The Cases of L. N. Tallur

By Dr. Holly Shaffer


One of the glass and teakwood cases in L. N. Tallur’s exhibition, Quintessential that was on view at the Bhau Daji Lad Museum in 2011-2012, was not like the others. Its display was a mound of dust. When the machine switched on, the case became the stomach of a vacuum cleaner, inhaling the particles that had settled layer by layer across the museum. As the dust puffed up in cyclones, it became a cosmic reminder of the life and decay of objects, of our own bodies, indeed everything that emerges from and returns to matter. Thatwamasi, as Tallur titled the piece, that thou art.
As a machine (a vacuum) that uses a material (dust) to produce a product (particle swirls), this artwork winks at the founding principles of its space of exhibition, the Bhau Daji Lad Museum, which was formerly known as the Victoria & Albert Museum, Bombay (present-day Mumbai), and, before that, at its foundation in 1858, as an Economic Museum inclusive of Natural History and Pleasure Gardens. In 1872 when the museum opened to the public, it was, and still is, situated in a botanical garden and a zoo followed in 1888. The space that displayed manufactured goods as an inspiration to future artists and designers was thus situated amidst the raw materials cultivated for their production in a measured symbiosis between science and art. Yet, the making happened elsewhere. In artisan’s workshops and colonial art schools, in industrial factories and textile mills.
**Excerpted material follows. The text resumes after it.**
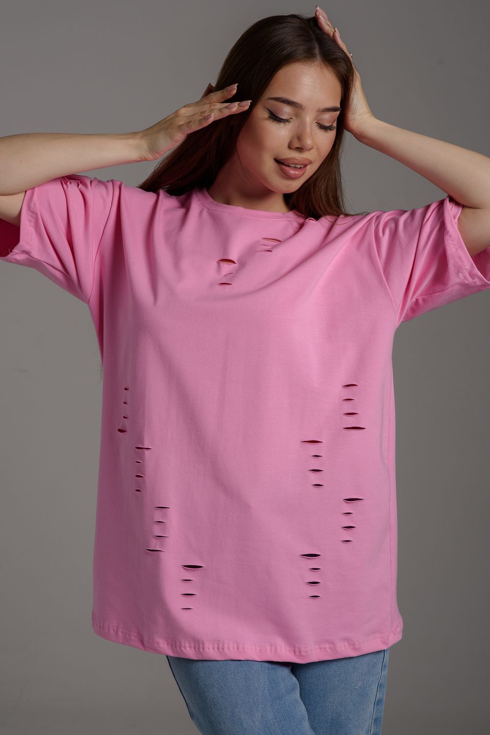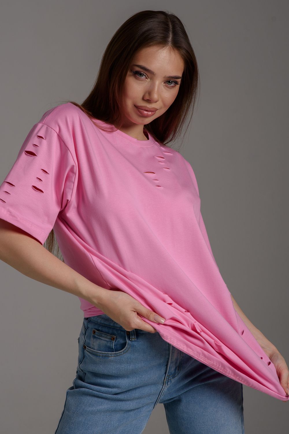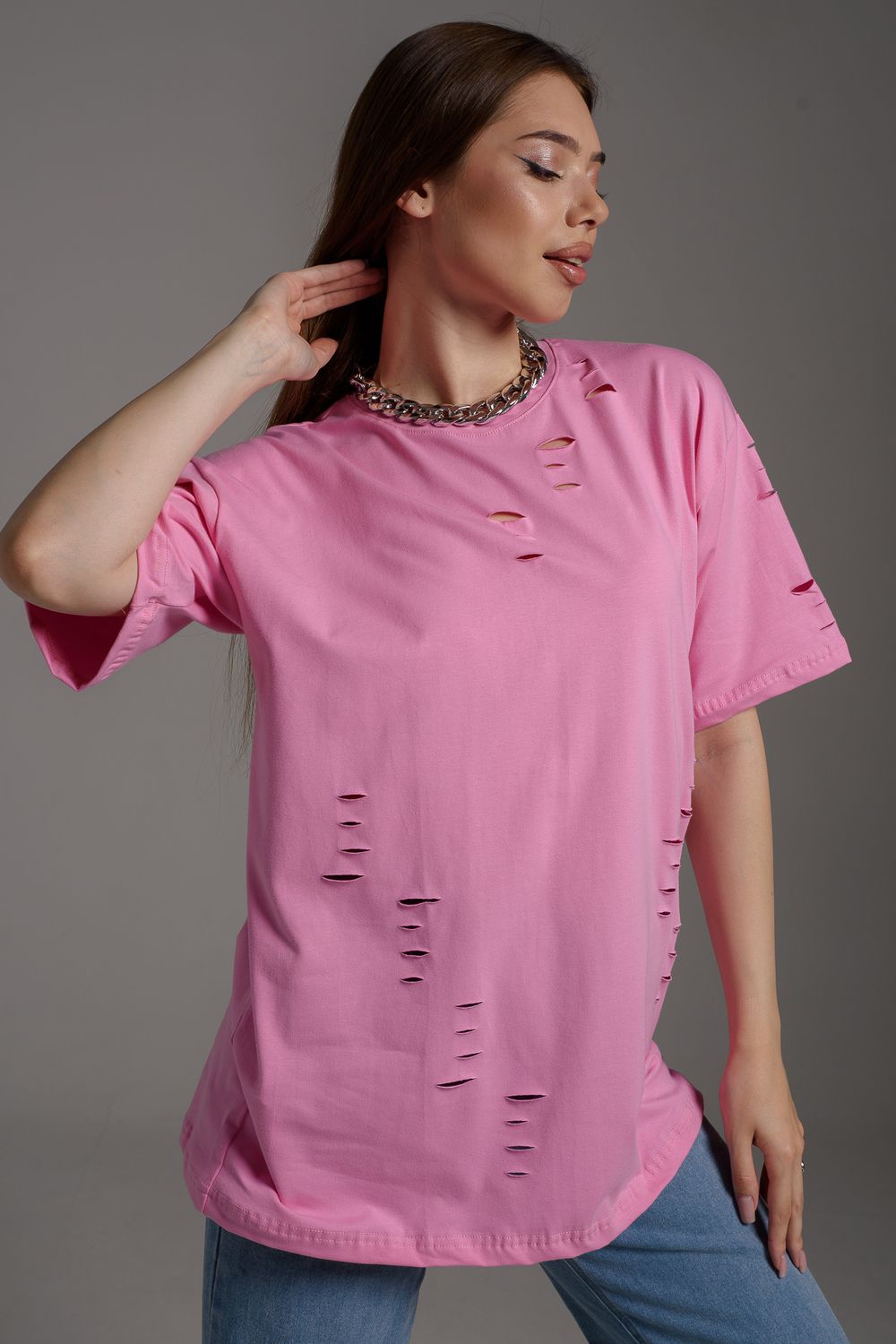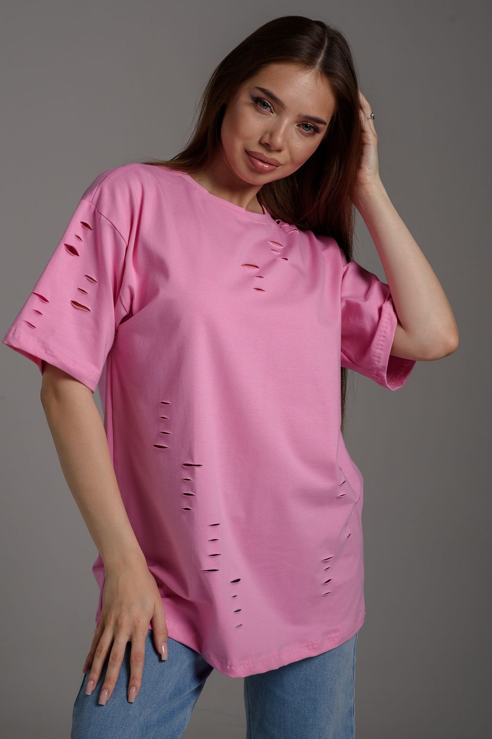 Красивая и необычная хлопковая футболка дополнена оригинальными разрезами. Натуральный состав трикотажа позволяет коже дышать и подарит ощущение комфорта. Идеальный выбор для создания модных и ярких образов!

Tallur returns making to the museum. The art objects, the museum goer, the machine, the artist are all invited to participate in the realization of a new state of being in which an object hovers in between animation and emptiness. This quintessential fifth dimension questions the premise of the institution and of our worship of things.
Take the elephant in one of the key proofs of the concept, the piece aptly named Quintessential. In the nineteenth-century, the rock carved temples and sculptures on the island of Elephanta were an attraction for devotees as well as British colonial officials curious about ancient art and culture. Some of the latter were in fact so ravenous for acquisition and display, that they sought to remove loose or stand-alone sculptures such as the ceremonial stone elephant from Elephanta to put on show in London. But, in this case, the carved animal broke in transit. Helpless, the officials placed it next to what would become the Bhau Daji Lad Museum where it still stands today as if a warning about appropriation and mismanagement.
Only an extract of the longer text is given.